#### [INSTRUCTIONS TO FOLLOW]
Find the line with "This collection of" in the records below. Copy it and every line after it, up to and including the line with "パーフェクトルテイン70+オ".

#### [Items from a dataset]
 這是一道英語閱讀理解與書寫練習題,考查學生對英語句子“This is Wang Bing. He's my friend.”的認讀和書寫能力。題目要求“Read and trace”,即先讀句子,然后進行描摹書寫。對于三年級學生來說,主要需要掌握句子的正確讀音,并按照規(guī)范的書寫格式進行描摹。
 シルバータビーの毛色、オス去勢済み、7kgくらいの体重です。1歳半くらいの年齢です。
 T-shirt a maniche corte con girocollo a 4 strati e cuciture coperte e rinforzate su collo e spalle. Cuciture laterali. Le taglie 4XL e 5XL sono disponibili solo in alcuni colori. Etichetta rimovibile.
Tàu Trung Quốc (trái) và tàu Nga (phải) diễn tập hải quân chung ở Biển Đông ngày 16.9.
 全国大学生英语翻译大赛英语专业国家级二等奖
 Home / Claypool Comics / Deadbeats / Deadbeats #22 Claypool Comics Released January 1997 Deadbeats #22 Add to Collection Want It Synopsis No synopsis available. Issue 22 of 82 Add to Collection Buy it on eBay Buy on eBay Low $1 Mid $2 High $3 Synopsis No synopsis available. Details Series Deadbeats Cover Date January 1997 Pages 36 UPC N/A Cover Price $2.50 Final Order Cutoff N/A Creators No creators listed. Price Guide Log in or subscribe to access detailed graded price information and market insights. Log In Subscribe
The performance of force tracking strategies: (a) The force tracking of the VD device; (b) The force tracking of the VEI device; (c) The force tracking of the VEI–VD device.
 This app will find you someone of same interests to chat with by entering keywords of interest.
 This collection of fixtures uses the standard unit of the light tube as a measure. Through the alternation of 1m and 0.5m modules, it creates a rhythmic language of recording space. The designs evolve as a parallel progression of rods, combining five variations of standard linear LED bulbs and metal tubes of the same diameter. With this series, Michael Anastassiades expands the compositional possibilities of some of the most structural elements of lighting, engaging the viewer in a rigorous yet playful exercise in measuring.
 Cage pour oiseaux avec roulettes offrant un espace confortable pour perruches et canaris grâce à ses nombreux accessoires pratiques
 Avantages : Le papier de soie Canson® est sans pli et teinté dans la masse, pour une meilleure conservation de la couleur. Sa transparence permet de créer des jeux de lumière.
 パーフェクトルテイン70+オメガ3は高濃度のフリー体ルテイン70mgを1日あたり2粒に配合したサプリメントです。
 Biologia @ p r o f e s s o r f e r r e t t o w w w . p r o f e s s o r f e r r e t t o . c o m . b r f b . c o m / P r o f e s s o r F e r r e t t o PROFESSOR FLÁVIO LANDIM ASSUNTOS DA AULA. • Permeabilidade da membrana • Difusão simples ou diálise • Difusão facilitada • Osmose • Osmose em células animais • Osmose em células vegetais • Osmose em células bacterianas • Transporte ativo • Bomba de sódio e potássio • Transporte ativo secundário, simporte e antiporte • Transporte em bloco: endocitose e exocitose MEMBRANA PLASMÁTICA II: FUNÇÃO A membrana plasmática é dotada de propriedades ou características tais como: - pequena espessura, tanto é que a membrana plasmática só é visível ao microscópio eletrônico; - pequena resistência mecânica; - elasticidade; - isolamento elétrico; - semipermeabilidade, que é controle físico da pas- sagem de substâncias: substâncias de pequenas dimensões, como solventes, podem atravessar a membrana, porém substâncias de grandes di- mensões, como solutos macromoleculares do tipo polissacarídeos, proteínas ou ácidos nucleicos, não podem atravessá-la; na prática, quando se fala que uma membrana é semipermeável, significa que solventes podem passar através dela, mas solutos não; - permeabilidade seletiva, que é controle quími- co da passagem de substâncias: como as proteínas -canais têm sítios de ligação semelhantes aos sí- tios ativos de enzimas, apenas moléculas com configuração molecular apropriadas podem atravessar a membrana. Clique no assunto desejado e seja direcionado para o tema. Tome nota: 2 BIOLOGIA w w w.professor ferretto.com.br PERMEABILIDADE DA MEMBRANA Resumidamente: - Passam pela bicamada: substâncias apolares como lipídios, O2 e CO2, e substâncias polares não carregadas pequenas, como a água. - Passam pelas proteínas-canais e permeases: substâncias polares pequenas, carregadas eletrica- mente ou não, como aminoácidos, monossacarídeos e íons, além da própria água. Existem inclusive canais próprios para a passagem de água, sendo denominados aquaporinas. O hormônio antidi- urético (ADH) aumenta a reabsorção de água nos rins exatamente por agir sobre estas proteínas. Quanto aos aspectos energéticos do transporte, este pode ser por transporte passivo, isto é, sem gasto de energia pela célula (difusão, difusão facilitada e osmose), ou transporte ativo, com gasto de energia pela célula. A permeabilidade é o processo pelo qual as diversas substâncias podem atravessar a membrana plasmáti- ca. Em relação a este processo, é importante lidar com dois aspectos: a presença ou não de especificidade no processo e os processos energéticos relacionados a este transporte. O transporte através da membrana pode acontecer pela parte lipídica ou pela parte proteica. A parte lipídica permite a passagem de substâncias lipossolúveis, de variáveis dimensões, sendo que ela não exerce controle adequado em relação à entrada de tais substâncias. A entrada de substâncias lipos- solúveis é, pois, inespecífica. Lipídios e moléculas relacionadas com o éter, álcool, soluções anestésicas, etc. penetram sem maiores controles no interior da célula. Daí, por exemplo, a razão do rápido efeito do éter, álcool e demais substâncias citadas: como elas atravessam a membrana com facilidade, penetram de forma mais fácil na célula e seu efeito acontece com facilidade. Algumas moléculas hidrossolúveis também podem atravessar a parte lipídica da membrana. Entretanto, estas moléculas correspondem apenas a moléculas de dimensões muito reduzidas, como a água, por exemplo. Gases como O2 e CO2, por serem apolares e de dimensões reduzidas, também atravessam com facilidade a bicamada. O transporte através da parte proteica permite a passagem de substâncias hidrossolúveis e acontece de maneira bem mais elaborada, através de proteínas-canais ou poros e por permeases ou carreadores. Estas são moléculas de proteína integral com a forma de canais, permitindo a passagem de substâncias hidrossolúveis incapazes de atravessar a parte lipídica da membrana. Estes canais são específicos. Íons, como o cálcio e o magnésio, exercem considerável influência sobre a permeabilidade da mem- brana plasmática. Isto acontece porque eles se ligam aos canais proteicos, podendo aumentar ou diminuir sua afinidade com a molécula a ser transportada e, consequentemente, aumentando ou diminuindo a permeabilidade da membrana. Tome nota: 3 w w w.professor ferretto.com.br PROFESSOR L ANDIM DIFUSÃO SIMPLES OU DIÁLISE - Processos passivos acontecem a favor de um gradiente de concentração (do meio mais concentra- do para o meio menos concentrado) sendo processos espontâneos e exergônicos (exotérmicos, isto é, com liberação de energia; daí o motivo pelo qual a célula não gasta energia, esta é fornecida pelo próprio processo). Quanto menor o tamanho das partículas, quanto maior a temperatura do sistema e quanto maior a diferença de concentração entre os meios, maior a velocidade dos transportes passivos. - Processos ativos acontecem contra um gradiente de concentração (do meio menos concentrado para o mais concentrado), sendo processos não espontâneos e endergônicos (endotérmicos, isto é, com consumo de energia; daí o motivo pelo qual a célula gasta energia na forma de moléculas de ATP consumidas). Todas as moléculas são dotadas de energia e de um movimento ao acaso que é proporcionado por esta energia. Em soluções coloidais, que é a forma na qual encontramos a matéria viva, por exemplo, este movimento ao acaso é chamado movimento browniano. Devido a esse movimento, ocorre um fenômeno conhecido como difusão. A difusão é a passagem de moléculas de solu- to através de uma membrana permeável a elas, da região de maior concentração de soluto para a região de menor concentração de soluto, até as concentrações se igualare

#### [EXERCISE RESULT]
 This collection of fixtures uses the standard unit of the light tube as a measure. Through the alternation of 1m and 0.5m modules, it creates a rhythmic language of recording space. The designs evolve as a parallel progression of rods, combining five variations of standard linear LED bulbs and metal tubes of the same diameter. With this series, Michael Anastassiades expands the compositional possibilities of some of the most structural elements of lighting, engaging the viewer in a rigorous yet playful exercise in measuring.
 Cage pour oiseaux avec roulettes offrant un espace confortable pour perruches et canaris grâce à ses nombreux accessoires pratiques
 Avantages : Le papier de soie Canson® est sans pli et teinté dans la masse, pour une meilleure conservation de la couleur. Sa transparence permet de créer des jeux de lumière.
 パーフェクトルテイン70+オメガ3は高濃度のフリー体ルテイン70mgを1日あたり2粒に配合したサプリメントです。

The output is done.